However, the predictor needn’t be running your algorithm, or have anything like a representation of that algorithm, in order to predict whether you’ll one box or two-box. Perhaps the Scots tend to one-box, whereas the English tend to two-box. Perhaps the predictor knows how you’ve acted prior to that decision. Perhaps the Predictor painted the transparent box green, and knows that’s your favourite colour and you’ll struggle not to pick it up. In none of these instances is the Predictor plausibly doing anything like running the algorithm that you’re running when you make your decision. But they are still able to predict what you’ll do. (And bear in mind that the Predictor doesn’t even need to be very reliable. As long as the Predictor is better than chance, a Newcomb problem can be created.)

In fact, on the vast majority of ways that the Predictor could predicting your behavior, she isn’t running the algorithm that you are running, or representing it. But if the Predictor isn’t running the algorithm that you are running, or representing it, then, on the most natural interpretation, FDT will treat this as ‘mere statistical correlation’, and therefore act like CDT. So, in the vast majority of Newcomb cases, FDT would recommend two-boxing. But the intuition in favour of one-boxing in Newcomb cases was exactly what was supposed to motivate FDT in the first place.

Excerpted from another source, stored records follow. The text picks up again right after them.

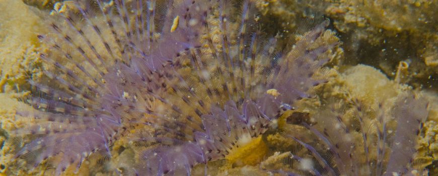 Stichting ANEMOONDe Paarse kokerworm (Bispira polyomma) leeft in een met fijn slib zelfgebouwde koker van slechts een paar centimeter lengte. Op de kop zit een krans van geveerde tentakels die hij gebruikt voor het filteren van zeewater, zo vangt hij zijn voedsel. De krans heeft een doorsnede van ongeveer vier centimeter en heeft een typisch gevlekt, bruinzwart en paars patroon.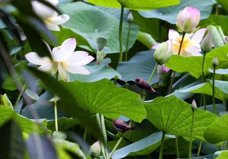 位于武侯区的分会场簇锦公园湖面面积10余亩,千姿百态的荷花竞相绽放,野鸭在湖中嬉戏玩耍,翠鸟在荷叶中穿梭鸣叫,引来大量市民游客赏荷写生。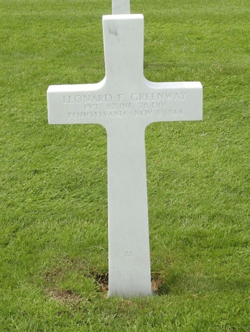 Pvt Leonard F. Greenway enlisted in Philadelphia, Pennsylvania on 21 May 1943.Source of information: Terry Hirsch, André Koch, Carla Mans, www.abmc.gov, www.wwiimemorial.com, www.archives.gov – WWII Enlistment Record, www.ancestry.com - Headstone and Interment Record / Pennsylvania Veteran Compensation Application Files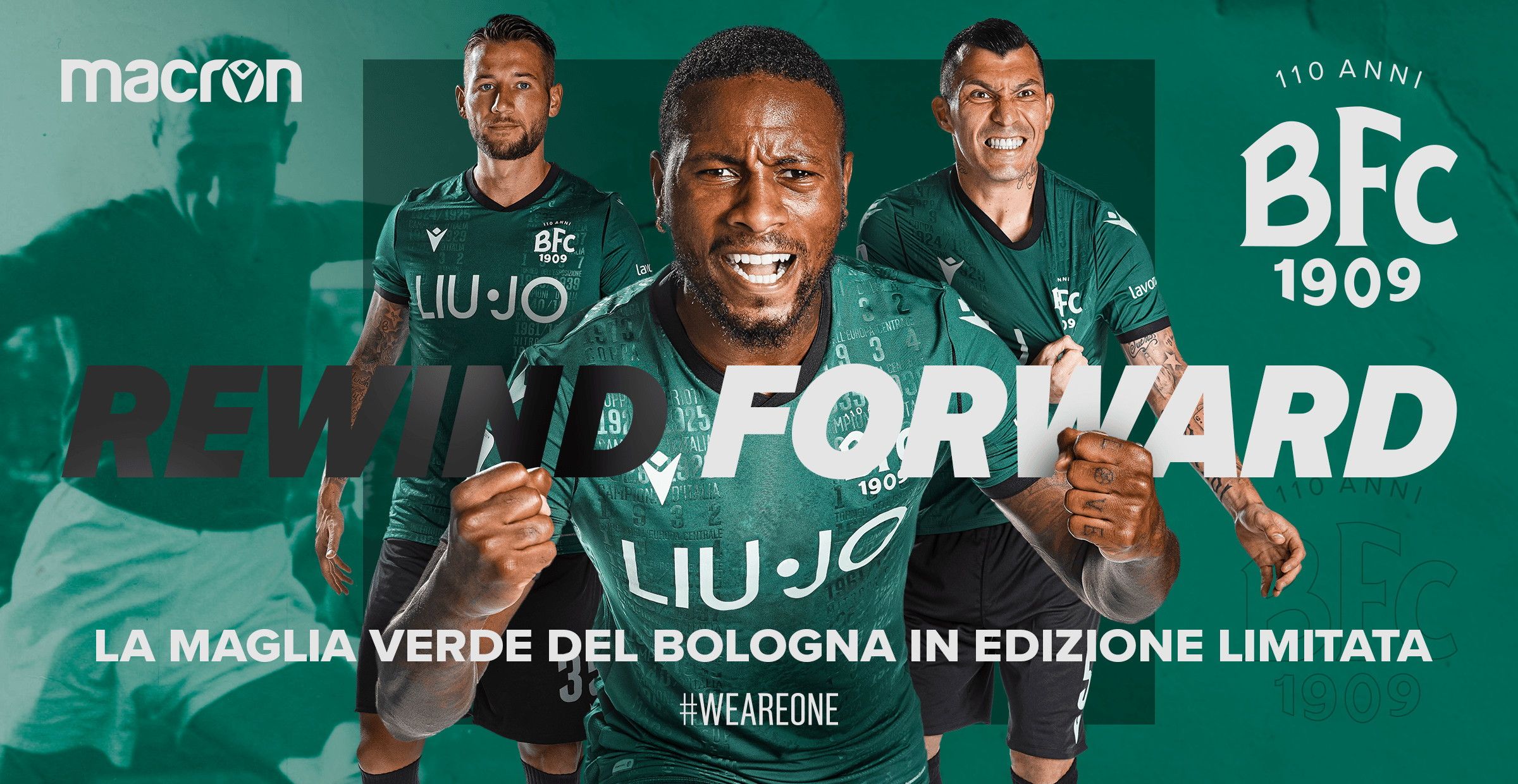 Il Bologna ha presentato la terza maglia per la stagione 2019/20: il colore scelto è il verde che rimanda al primo scudetto vinto nel 1925. Sulle strisce verticali è riportato il palmares del club rossoblù e Macron, sponsor tecnico, ha arricchito la divisa (che presentato un collo a V) con uno speciale stemma dedicato ai 110 anni del club. Il kit è completato da pantaloncini e calzettoni neri.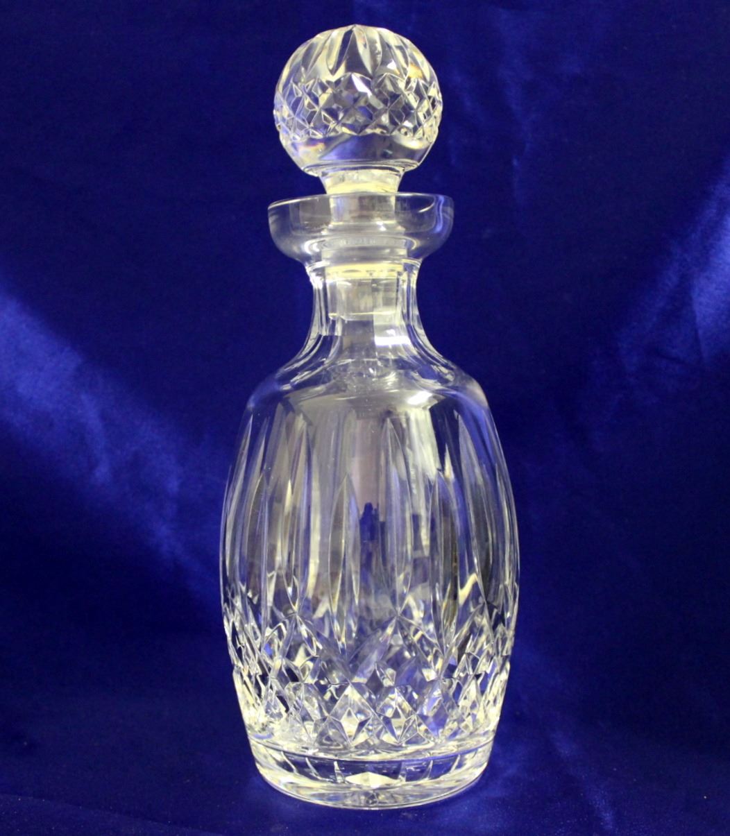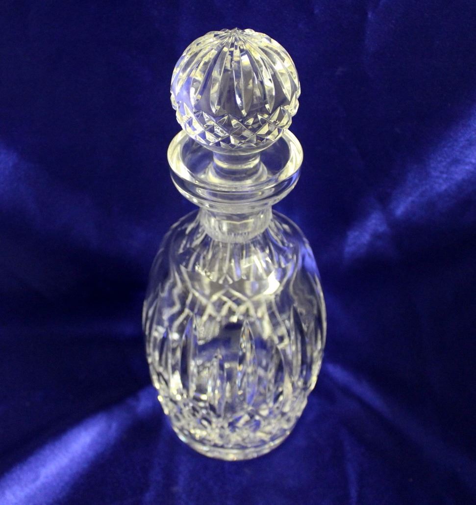 Excellent condition Waterford cut crystal spirits decanter in Lismore pattern. 10 5/8" high including stopper. Faint "Waterford" acid stamp on base.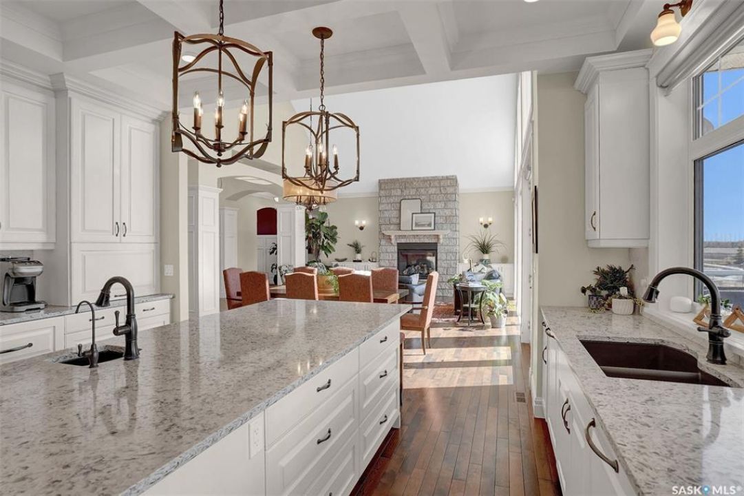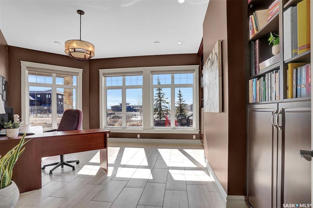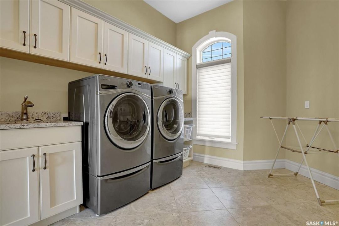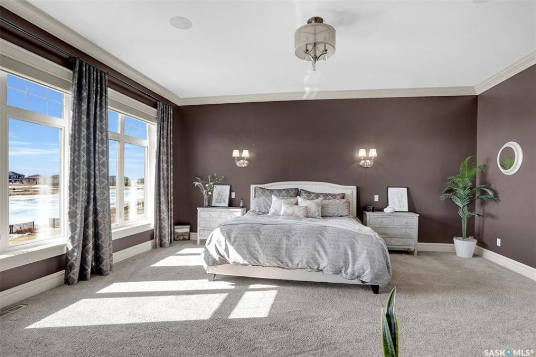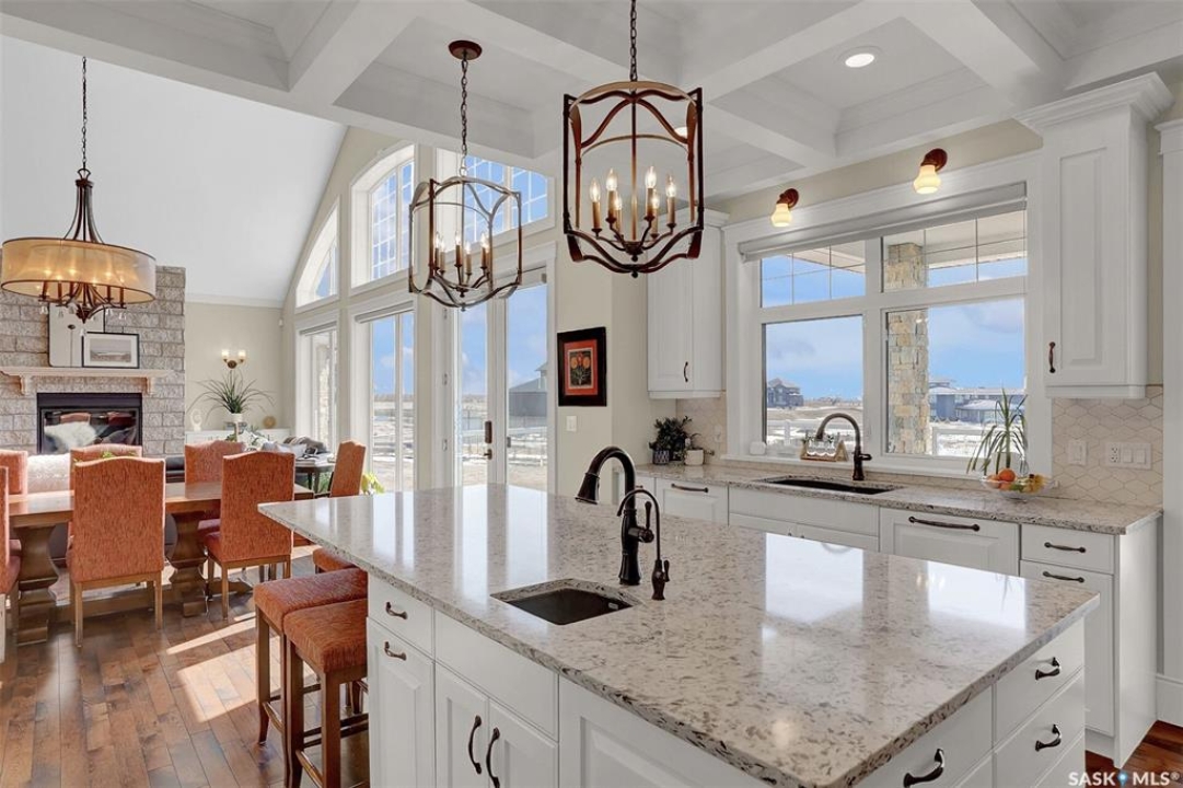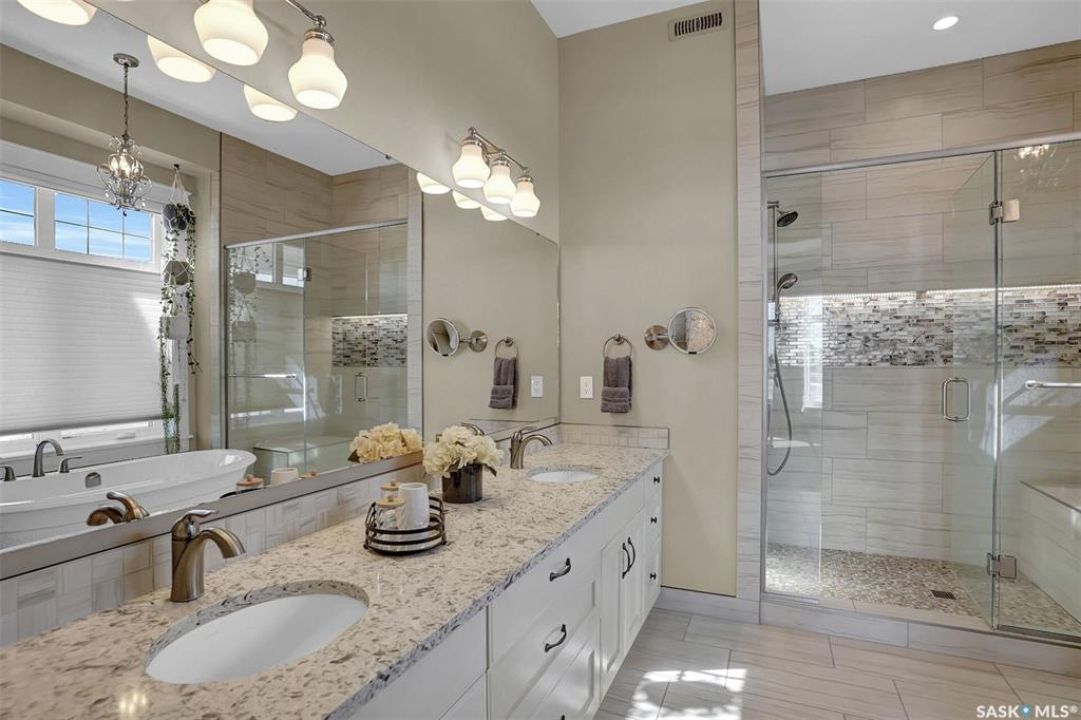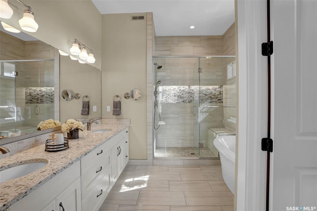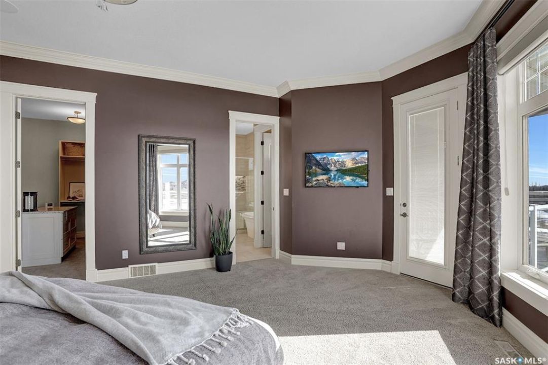This extraordinary custom built walkout bungalow in Spruce Creek Estates has 6,096 sq' of living space, including a 2,926 sq' walkout basement & 244 sq' 3-season sunroom. The grand foyer features herringbone pattern tile and leads to the great room with 19' vaulted ceiling, Tyndall stone gas fireplace and huge southwest-facing windows that showcase stunning views of the professionally landscaped yard and community lake. Hickory hardwoods lead into the dream kitchen with a coffered ceiling, loads of cabinetry, quartz countertops, and a sit-around island with prep sink. Home chefs will adore the Wolf dual fuel 6 burner range and steam oven, Sub-Zero fridge and freezer drawers, 2 Bosch dishwashers, pot filler, & huge walk-in pantry. The sunroom is perfect for relaxing and is connected to the covered deck. The master suite is a private getaway with a separate covered deck, lake view and a spa-like ensuite. The walk-in closet features an island and is conveniently located next to the laundry room. Completing the main level are 2 more bedrooms, a 4-piece bath, a ½ bath (all baths with in-floor heat), a large mudroom with custom lockers and a music room. The walkout level is bright with continuation of the 10' ceilings from upstairs, large windows, in-floor heat, and a gas fireplace. Watch a game while enjoying the walk-up wet bar and beautiful wine room. You'll enjoy doing work in the office with built-in cabinetry and more lake views. When your gym workout is done you can exit directly to the covered patio with space for a future hot tub. Two large bedrooms, a 4-piece bath, play room, and more complete this amazing walkout level. Garage enthusiasts will love the two 28x32' garages with large overhead doors perfect for boat/RV storage, in-floor heat, hot & cold water, and drain pits to the outside. Also featured throughout the home are Hunter Douglas blinds and Savant home automation. Your oasis awaits, and it's only 22 minutes from downtown Regina.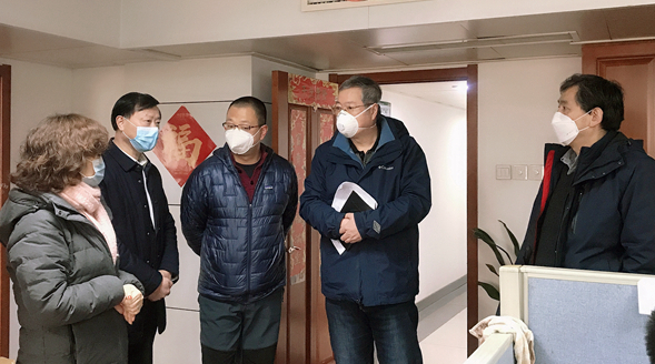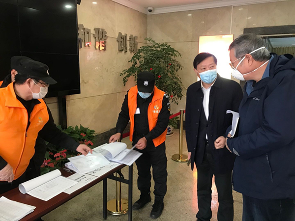 在盛安廣場一樓大廳,包總一行主動接受體溫測量和登記,現(xiàn)場檢查了測溫、消毒及人員進出登記工作,聽取了現(xiàn)場工作人員的情況匯報,對他們的辛勤工作表示慰問和感謝,充分肯定了公司疫情防控工作。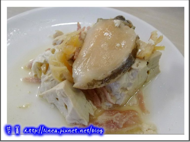 滿嘴正都是北寄貝小姐在跳舞咧,下一道砂鍋料理悄然現身,這道我是非常好奇,那也是朋友大力推薦,為了這道菜我們還要兩天前預約才有喔,工序繁複,費時長久,所以臨時要吃是吃不到的,菜名很簡單:「奚家豆腐」。(因一位奚家伯伯重現得名)
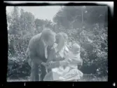En trädgård, möjligen till Hamnvägen 3. På gräsmattan står en korgstol där det sitter ett spädbarn. En flicka med rosett i håret och rutig klänning står till vänster och balanserar barnet. Till höger står en yngre flicka i mörk klänning och rosett även hon och tittar på.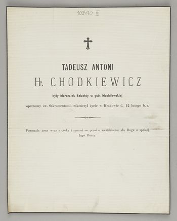 [Nekrolog. Incipit] Tadeusz Antoni Hr. Chodkiewicz były Marszałek Szlachty w gub. Mochilewskiej, [...]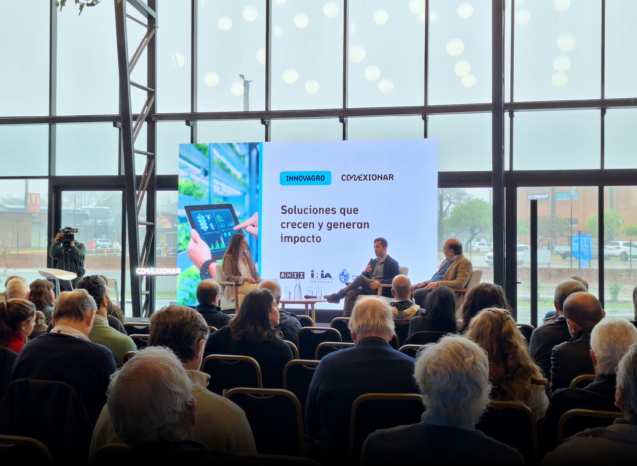 Con la participación de los presidentes de la Agencia Nacional de Investigación e Innovación (ANII), Alvaro Brunini; y del Instituto Nacional de Investigación Agropecuaria (INIA), Miguel Sierra; se realizó “Conexionar Innovagro: soluciones que crecen y generan Impacto”, un evento en el que se exhibieron proyectos financiados en el marco del Fondo Sectorial Innovagro, que ambas instituciones llevan adelante junto con el Ministerio de Ganadería, Agricultura y Pesca (MGAP).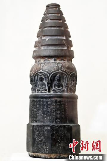 高善穆石造像塔出土于甘肃酒泉市石佛湾子,由黑色玄武岩雕成,高44.6厘米,底径15.2厘米,由宝顶、相轮、踏颈、覆钵、经柱、基柱六部分组成,基座已丢失。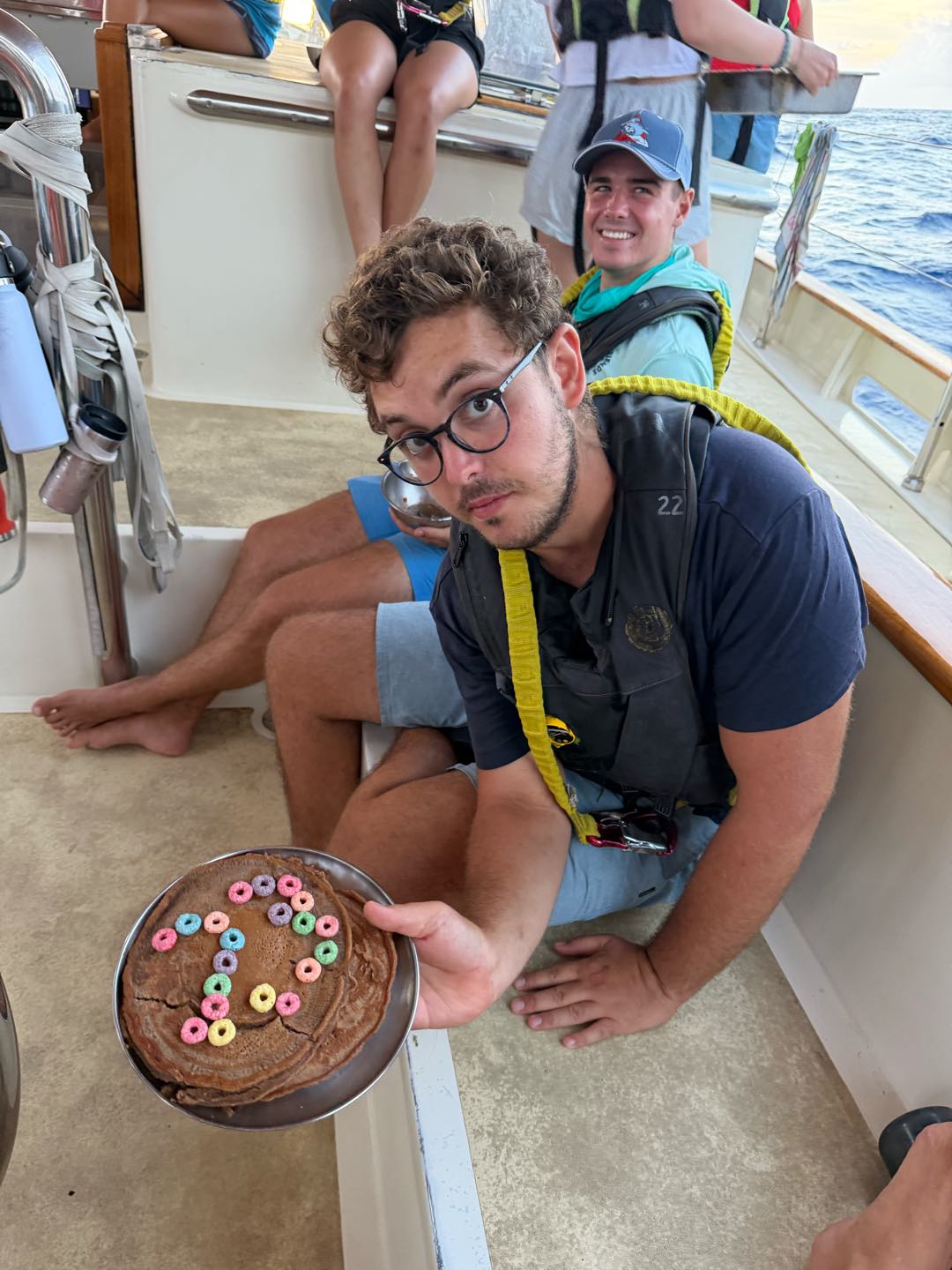 Tragically, you cannot escape the watch cycle, and I was back on with watch team 3 from 1400-1800. Luckily, we were only really on for about an hour before class. I ran a quick boatie at 1455, completing it in record time. Nacho taught us about coastal zones, and a lot of sand was discussed. Once class wrapped up, watch team 3 re-mustered in the cockpit to complete our 1400-1800 watch. SkylAr, Arthur, and Aidan were cheffing up dinner, all while Avi and Ani baked (on the stove) chocolate pancakes (made with cake batter, I think, possibly.. im actually not sure) for Jonass 23rd, wait sorry, 22nd birthday! (Dont worry, everyone, this confusion was dealt with waaaaay back in Antigua when he realized people born in 2004 were not, in fact, turning 23 this year.

Could we instead interpret FDT, such that it doesn’t have to require the Predictor to be running the exact algorithm — some similar algorithm would do? But I’m not sure how that would help: in the examples given above, the Predictor’s predictions aren’t based on anything like running your algorithm. In fact, the predictor may know very little about you, perhaps only whether you’re English or Scottish. 

One could suggest that, even though the Predictor is not running a sufficiently similar algorithm to you, nonetheless the Predictor’s prediction is subjunctively dependent on your decision (in the Y&S sense of ‘subjunctive’). But, without any account of Y&S’s notion of subjunctive counterfactuals, we just have no way of assessing whether that’s true or not. Y&S note that specifying an account of their notion of counterfactuals is an ‘open problem,’ but the problem is much deeper than that.  Without such an account, it becomes completely indeterminate what follows from FDT, even in the core examples that are supposed to motivate it — and that makes FDT not a new decision theory so much as a promissory note. 

Indeed, on the most plausible ways of cashing this out, it doesn’t give the conclusions that Y&S would want. If I imagine the closest world in which 6288 + 1048 = 7336 is false (Y&S’s example), I imagine a world with laws of nature radically unlike ours — because the laws of nature rely, fundamentally, on the truths of mathematics, and if one mathematical truth is false then either (i) mathematics as a whole must be radically different, or (ii) all mathematical propositions are true because it is simple to prove a contradiction and every proposition follows from a contradiction. Either way, when I imagine worlds in which FDT outputs something different than it in fact does, then I imagine valueless worlds (no atoms or electrons, etc) — and this isn’t what Y&S are wanting us to imagine. 

Alternatively (as Abram Demski suggested to me in a comment), Y&S could accept that the decision-maker should two-box in the cases given above. But then, it seems to me, that FDT has lost much of its initial motivation: the case for one-boxing in Newcomb’s problem didn’t seem to stem from whether the Predictor was running a simulation of me, or just using some other way to predict what I’d do.

V. Implausible discontinuities

A related problem is as follows: FDT treats ‘mere statistical regularities’ very differently from predictions. But there’s no sharp line between the two. So it will result in implausible discontinuities. There are two ways we can see this.

First, take some physical processes S (like the lesion from the Smoking Lesion) that causes a ‘mere statistical regularity’ (it’s not a Predictor). And suppose that the existence of S tends to cause both (i) one-boxing tendencies and (ii) whether there’s money in the opaque box or not when decision-makers face Newcomb problems.  If it’s S alone that results in the Newcomb set-up, then FDT will recommending two-boxing.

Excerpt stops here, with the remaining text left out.